But is anyone long stocks really feeling good about anything this week?

Stocks did make a valiant effort to break their two-day losing streak – and the Nasdaq did so – but were rebuffed to finish with a slight selloff.

The Dow finished 37 points lower to 12,069, while the S&P 500 slipped a point to 1306. The Nasdaq, which has led the market’s slide this week, showed some bounceback, finishing up 15 points to 2738..

However, not a lot of market “inputs” really changed on Thursday – investors were still eyeing developments in the Middle East, and especially, the price of oil, to decide how and whether to buy and sell.

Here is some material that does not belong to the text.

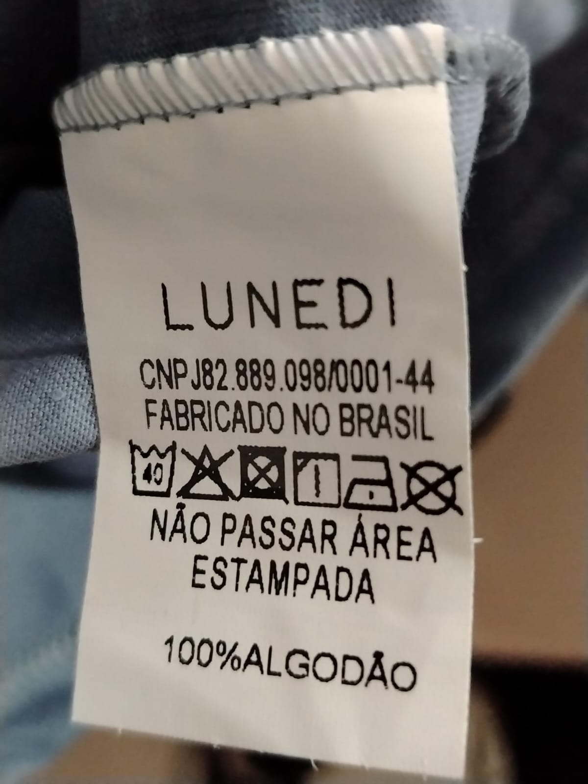 Passar a ferro até 110°C (não passar sobre a estampa)

On Thursday, the dynamic seemed to mostly be: oil prices up, stocks down – and vice-versa.

As has been the way this trading week has worked, it’s no coincidence at all that with oil prices falling officially by 0.8% throughout the day to nearly $97 a barrel, after hitting overnight highs of more than $103 a barrel, stocks were able to avoid a real emotional  blow that would come from the Dow losing 12,000.

Small-caps were a rare bright spot, and perhaps dovetailed with the outperformance in tech stocks to show that investors were not completely turning their back on some amount of risk – yet.

On the other hand, tell that to bond investors, who saw the yield on the 10-year note fall to 3.44%, and have seen it fall in two weeks from above 3.7%.

Elsewhere, the news flow on Thursday didn’t really reassure investors who may be increasingly concerned about what higher fuel prices are going to do for consumers’ discretionary spending. Earnings reports from retailers Kohl’s (NYSE:KSS), Target (NYSE:TGT) and Sears (NASDAQ:SHLD) were mixed, while new home sales fell nearly 13% — worse-than-expected — in January from a month earlier.

Friday likely brings a decrease in trading volume and possibly less volatility than the market has experienced in the past three days — unless oil prices direct otherwise, that is.